(WHAT THE EXERCISE ASKS):
Take the data below and extract the lines from the one with "SriHome SH036 1296P" to the one with "论文利用人工智能技术对川贝母", inclusive, exactly as written.
EXERCISE INPUTS section start
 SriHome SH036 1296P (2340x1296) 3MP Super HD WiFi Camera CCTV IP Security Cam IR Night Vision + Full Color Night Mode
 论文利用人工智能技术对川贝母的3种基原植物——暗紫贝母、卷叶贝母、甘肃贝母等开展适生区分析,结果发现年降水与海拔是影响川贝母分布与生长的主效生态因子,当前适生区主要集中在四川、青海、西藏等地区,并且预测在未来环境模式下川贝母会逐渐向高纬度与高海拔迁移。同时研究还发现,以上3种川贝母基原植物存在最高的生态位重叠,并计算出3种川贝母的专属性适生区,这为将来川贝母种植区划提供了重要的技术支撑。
EXERCISE INPUTS section end
EXERCISE INPUTS section start
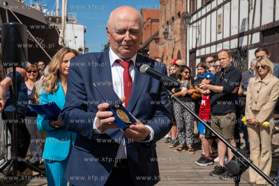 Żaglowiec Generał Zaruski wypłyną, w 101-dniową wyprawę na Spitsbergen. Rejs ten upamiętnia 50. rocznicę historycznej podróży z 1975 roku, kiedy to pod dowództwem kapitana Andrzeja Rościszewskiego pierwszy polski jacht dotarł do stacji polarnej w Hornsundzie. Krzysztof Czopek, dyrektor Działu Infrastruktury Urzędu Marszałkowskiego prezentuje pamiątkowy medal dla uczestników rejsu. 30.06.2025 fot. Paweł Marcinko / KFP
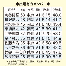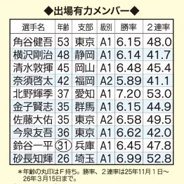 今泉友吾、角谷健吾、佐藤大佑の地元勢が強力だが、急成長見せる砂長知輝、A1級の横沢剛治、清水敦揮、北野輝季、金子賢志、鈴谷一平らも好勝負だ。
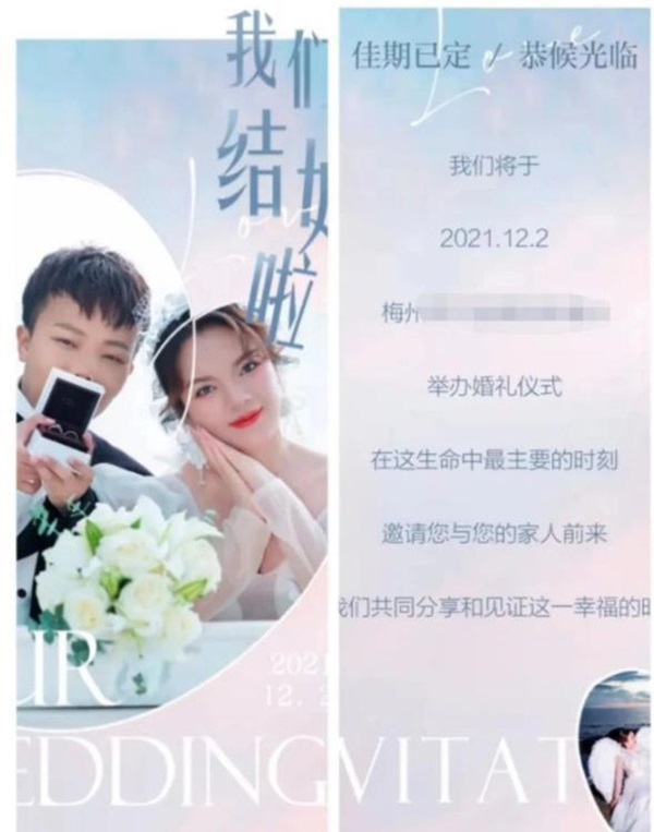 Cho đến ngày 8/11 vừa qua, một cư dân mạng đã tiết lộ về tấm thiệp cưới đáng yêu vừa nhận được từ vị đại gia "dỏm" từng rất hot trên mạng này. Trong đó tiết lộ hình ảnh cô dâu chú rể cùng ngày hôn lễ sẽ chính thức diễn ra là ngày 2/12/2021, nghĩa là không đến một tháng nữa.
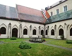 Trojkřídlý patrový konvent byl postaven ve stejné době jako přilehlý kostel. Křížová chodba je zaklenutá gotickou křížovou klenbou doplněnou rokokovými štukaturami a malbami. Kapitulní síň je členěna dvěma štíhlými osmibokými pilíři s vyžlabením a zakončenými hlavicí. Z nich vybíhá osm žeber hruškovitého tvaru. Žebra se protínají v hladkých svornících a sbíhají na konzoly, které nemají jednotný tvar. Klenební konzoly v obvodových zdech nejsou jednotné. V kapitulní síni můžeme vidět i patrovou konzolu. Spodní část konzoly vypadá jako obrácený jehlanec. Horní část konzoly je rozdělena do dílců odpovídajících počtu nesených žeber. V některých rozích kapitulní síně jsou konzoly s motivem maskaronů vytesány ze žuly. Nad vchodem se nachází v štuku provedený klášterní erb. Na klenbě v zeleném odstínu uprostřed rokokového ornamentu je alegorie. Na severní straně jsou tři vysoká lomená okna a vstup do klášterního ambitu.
EXERCISE INPUTS section end
(COMPLETED TASK):
 SriHome SH036 1296P (2340x1296) 3MP Super HD WiFi Camera CCTV IP Security Cam IR Night Vision + Full Color Night Mode
 论文利用人工智能技术对川贝母的3种基原植物——暗紫贝母、卷叶贝母、甘肃贝母等开展适生区分析,结果发现年降水与海拔是影响川贝母分布与生长的主效生态因子,当前适生区主要集中在四川、青海、西藏等地区,并且预测在未来环境模式下川贝母会逐渐向高纬度与高海拔迁移。同时研究还发现,以上3种川贝母基原植物存在最高的生态位重叠,并计算出3种川贝母的专属性适生区,这为将来川贝母种植区划提供了重要的技术支撑。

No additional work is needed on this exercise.